There were thirty-six independent and non-affiliated candidates in the 1985 Quebec provincial election, none of whom were elected. Information about these candidates may be found on this page.

==Electoral divisions==
===Mercier: Gilles Côté===
Gilles Côté was forty-seven years old in 1985 and identified as a taxi driver. A member of the Social Credit Party of Canada, he ran for public office several times in the 1980s at the federal, provincial, and municipal levels.

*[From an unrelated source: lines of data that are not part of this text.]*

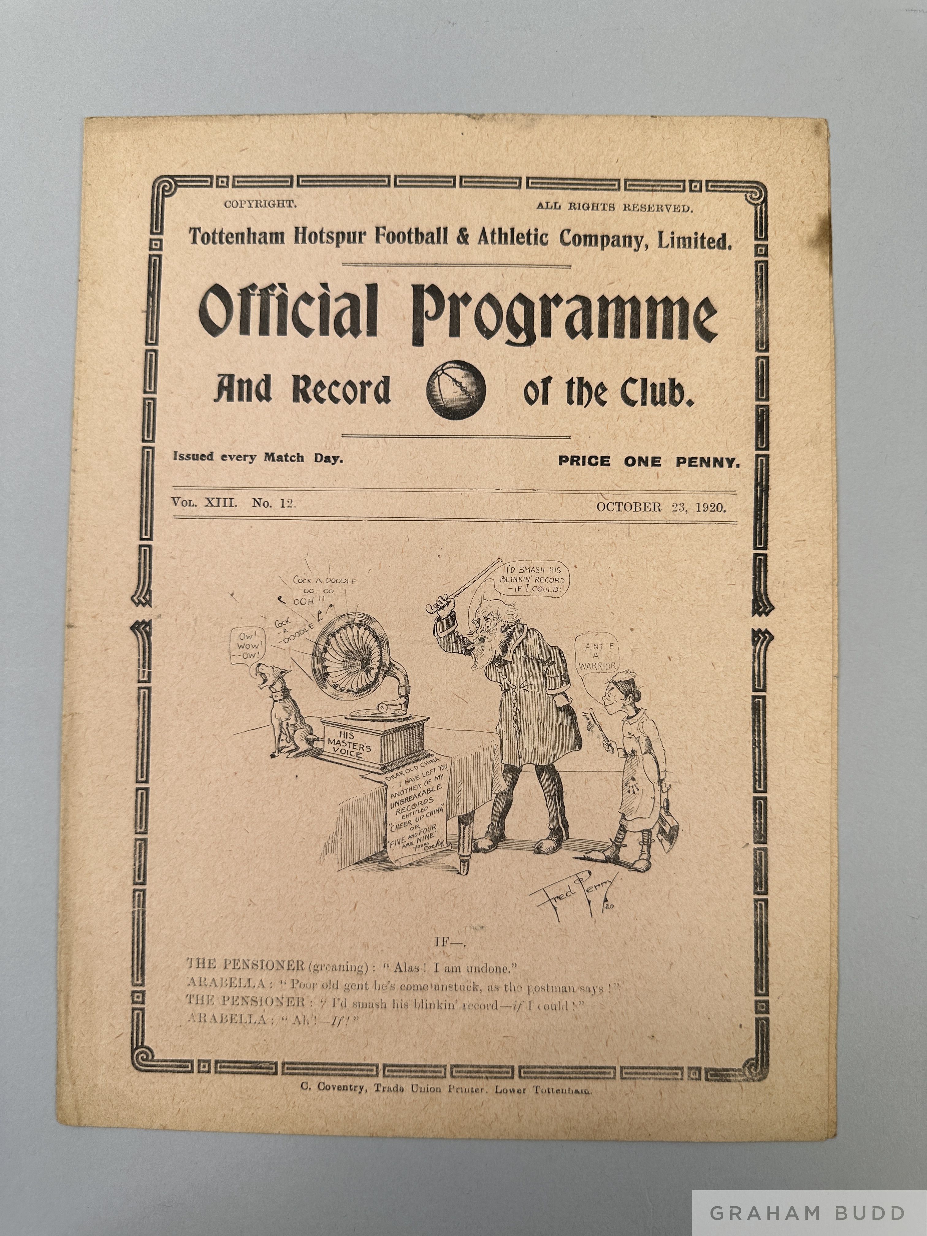 Tottenham Hotspur v. Burnley home match programme, 23rd October 1920 Signs of folds, pencil text on team page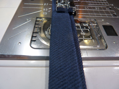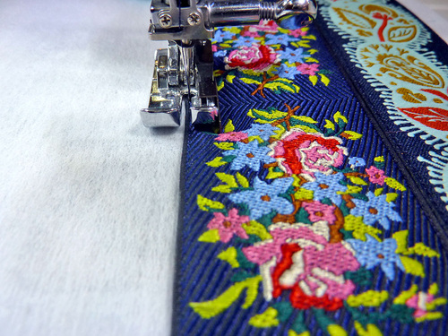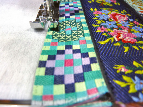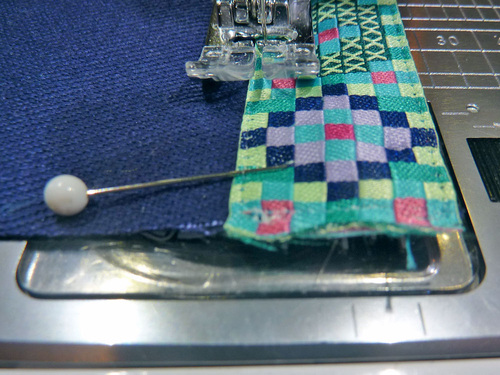 - Re-thread the machine if necessary (we did in order to use clear thread) and edgestitch the ribbon along both long sides.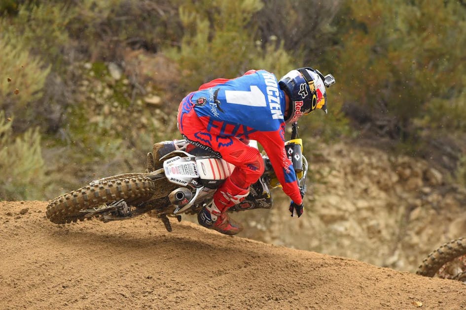 Can Ken Roczen catch a break? After rebounding from last week’s struggles to qualify fastest here at Glen Helen, the champ got together with Jason Anderson on the start of this moto and went down, with the two of them remounting way, way back. Roczen fought back though and clawed his way back up to eighth.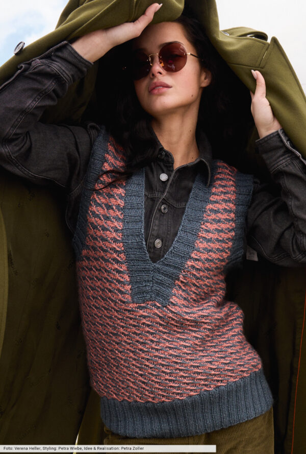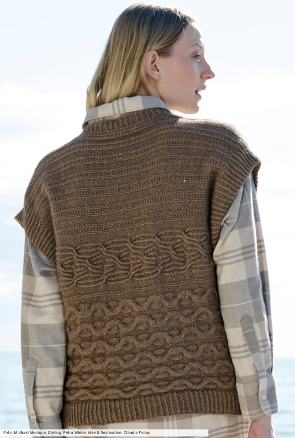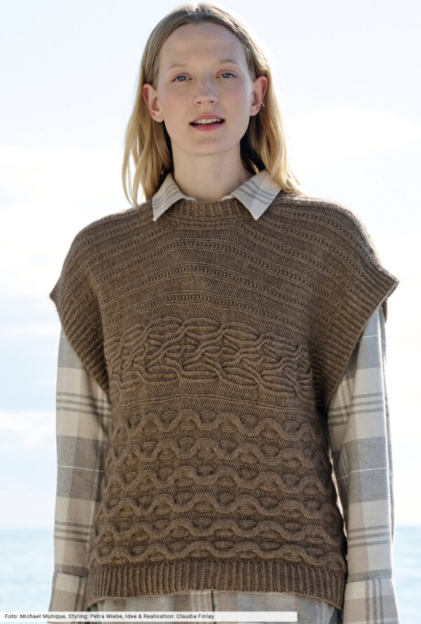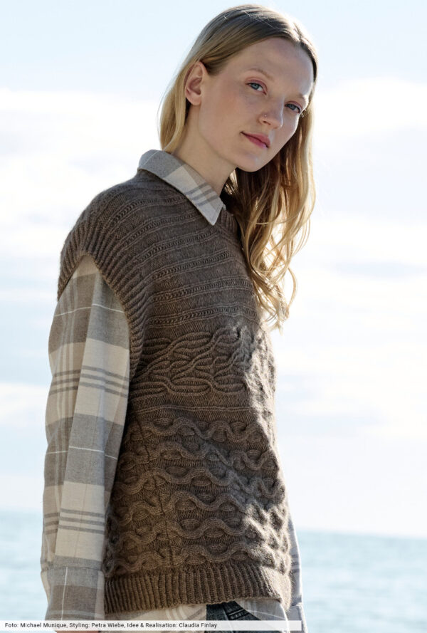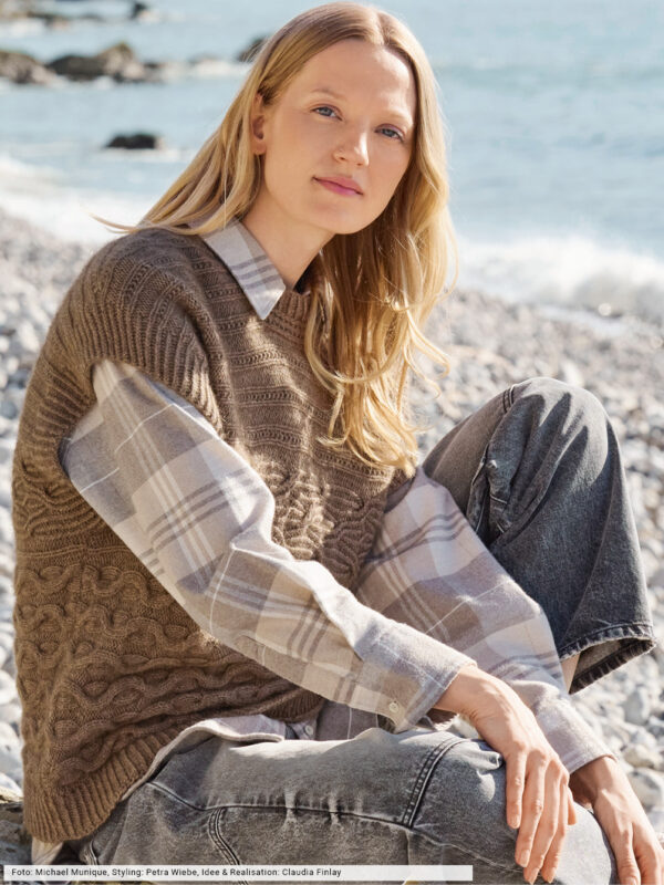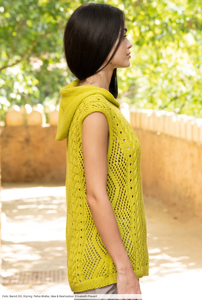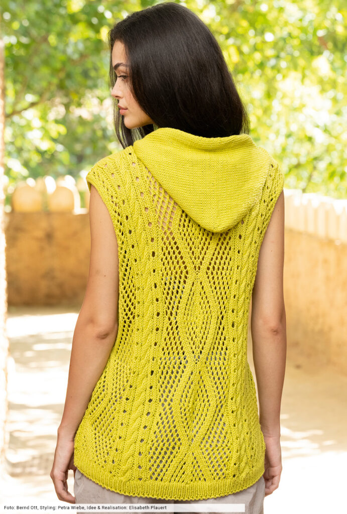 Transparente Lochrauten und schmale Zöpfe bilden bei diesem Top – das übrigens auch als Pullunder getragen werden kann – die unvergleichlich schöne Musterstruktur. Aus hochwertiger Öko-Baumwolle in strahlendem Limone ein echtes Highlight, das durch die glatt rechts gestrickte Kapuze den sportiven Charakter erhält. Elastische Rippenbündchen an der Saumkante und die in I-Cord-Technik gestrickten Blenden an den Armausschnitten und am Kapuzenrand bilden das Finish.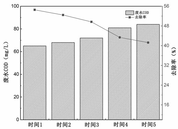為了評(píng)估活性炭的可重復(fù)使用性,對(duì)活性炭進(jìn)行了吸附-解吸實(shí)驗(yàn)。經(jīng)過四個(gè)吸附-解吸循環(huán)后,活性炭吸附對(duì)焦化廢水中COD的吸附效率僅降低了約10%(圖3),表明活性炭具有良好的可重復(fù)使用性。此外,使用NaOH作為再生劑的方法具有成本效益高的優(yōu)點(diǎn)。總之,這些表明本研究中生產(chǎn)的活性炭在實(shí)際廢水處理中具有巨大的應(yīng)用潛力。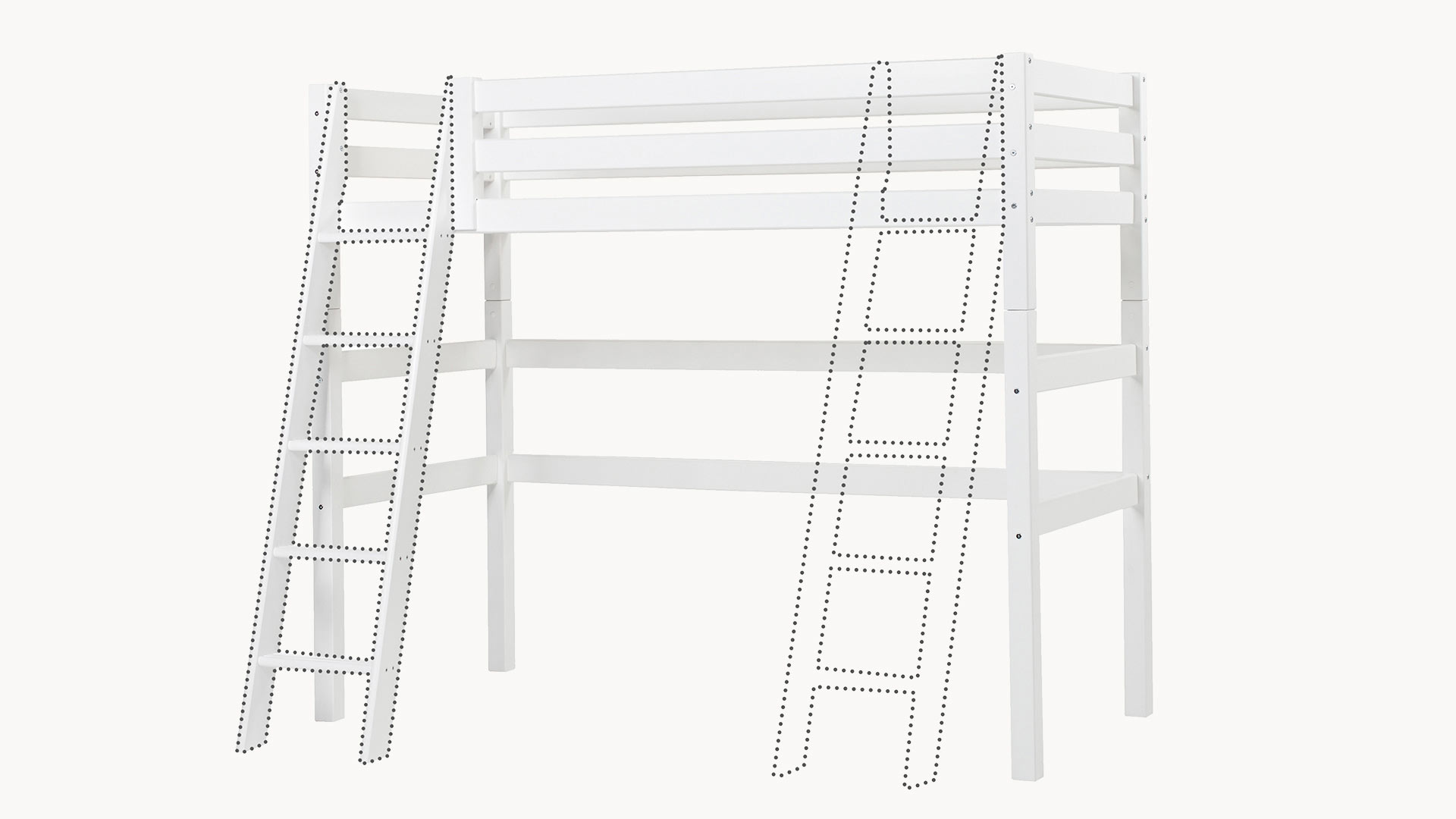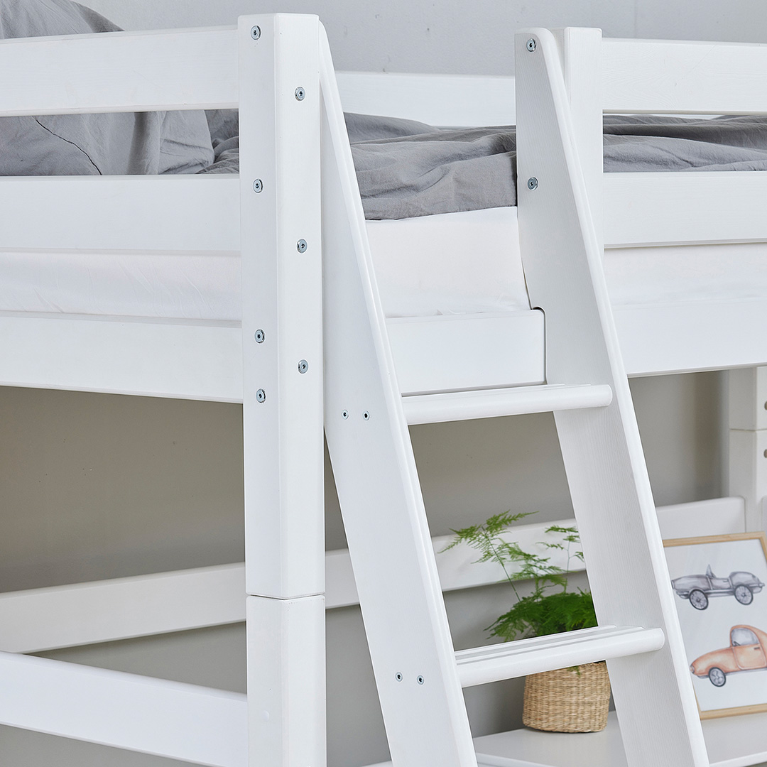 Hochbett "Ortholino" verbindet klares Design mit hoher Funktionalität und passt damit perfekt in das Jugendzimmer. Gefertigt aus massivem, weiß lackiertem Kiefernholz, bietet dieses platzsparende Bett nicht nur ein modernes und freundliches Ambiente, sondern auch die nötige Stabilität und Sicherheit für Heranwachende. Für das Extra an Schlafkomfort sorgt der flexible Lattenrost mit überwölbten Federleisten. Er passt sich dem Körper angenehm an und sorgt für sinnvolle Unterstützung und erholsamen Schlaf. "Ortholino" gibt es mit gerader Leiter oder bequemer, schräger Treppe. Die Stufen haben Rillen, die für sicheren Halt beim Auf- und Abstieg sorgen.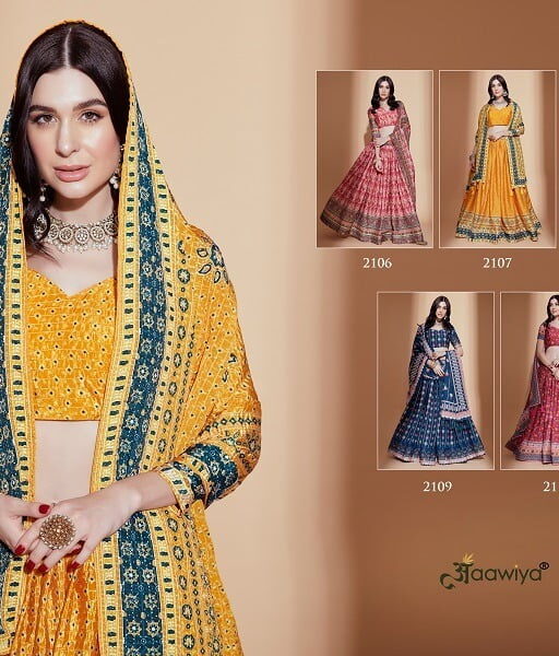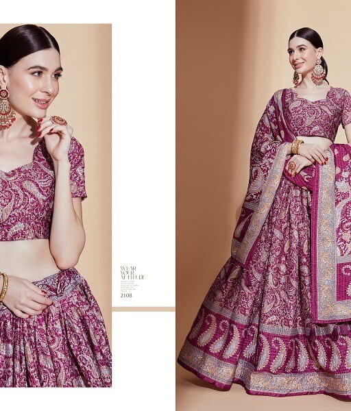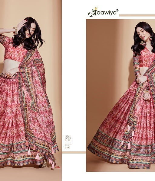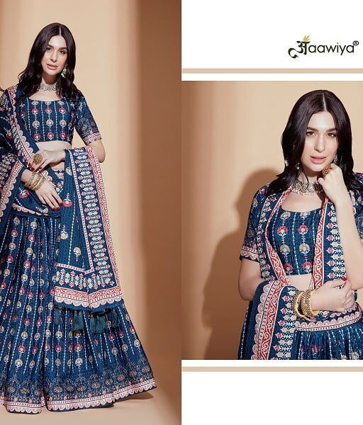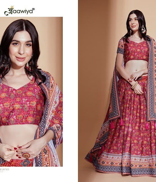 | Lehenga | Chinon with Crochet Embroidered & Digital Print Work, 4-meter flair, Inner: Art Silk with 19’’ Can-Can Layered Net & Canvas |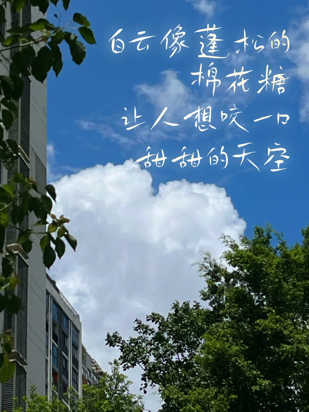 “白云像蓬松的棉花糖,让人想咬一口甜甜的天空。”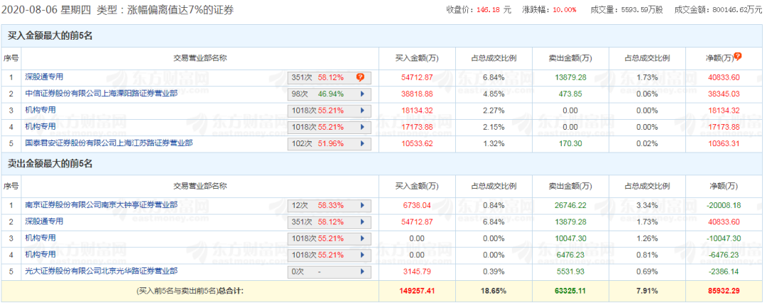 在一张龙虎榜中,上榜席位成交总额超过20亿元的情况其实较为少见。例如今年6月份,全月仅有两张龙虎榜中出现相似情况,涉及公司中国中免和格力地产,为当时免税概念的两大龙头。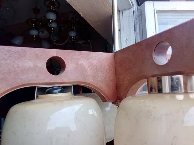 Plastmasė. Medžio imitacija. Stikliniai gaubtai. Turi smulkų defektuką, nulužusi dalis plastmasinio patrono uždengimo.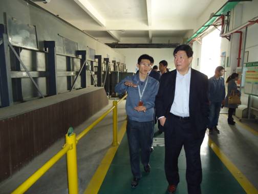 圖2. 專家組一行在格林美技術研發(fā)部何顯達博士陪同下現(xiàn)場考察鈷鎳生產(chǎn)線

A candidate named Gilles Côté ran for the Ralliement national party in the 1966 provincial election. It is assumed this was the same person.

Electoral record
| Election | Division | Party | Votes | % | Place | Winner |
|---|---|---|---|---|---|---|
| 1966 provincial | D'Arcy-McGee | Ralliement national | 129 | 0.47 | 4/4 | Victor Goldbloom, Liberal |
| 1981 provincial | Mercier | United Social Credit | 118 | 0.40 | 6/8 | Gérald Godin, Parti Québécois |
| 1982 municipal | Montreal City Council, Laurier ward | Municipal Action Group | 527 | 9.95 | 3/3 | Robert Perreault, Montreal Citizens' Movement |
| 1984 federal | Laurier | Social Credit | 194 | 0.72 | 7/9 | David Berger, Liberal |
| 1985 provincial | Mercier | Independent | 97 | 0.38 | 7/10 | Gérald Godin, Parti Québécois |
| 1986 municipal | Mayor of Montreal | Independent | 1,676 | 0.49 | 5/7 | Jean Doré, Montreal Citizens' Movement |

===Richelieu: Michel Guilbault===
Michel Guilbault received 347 votes (1.13%), finishing fourth against Quebec Liberal Party candidate Albert Khelfa.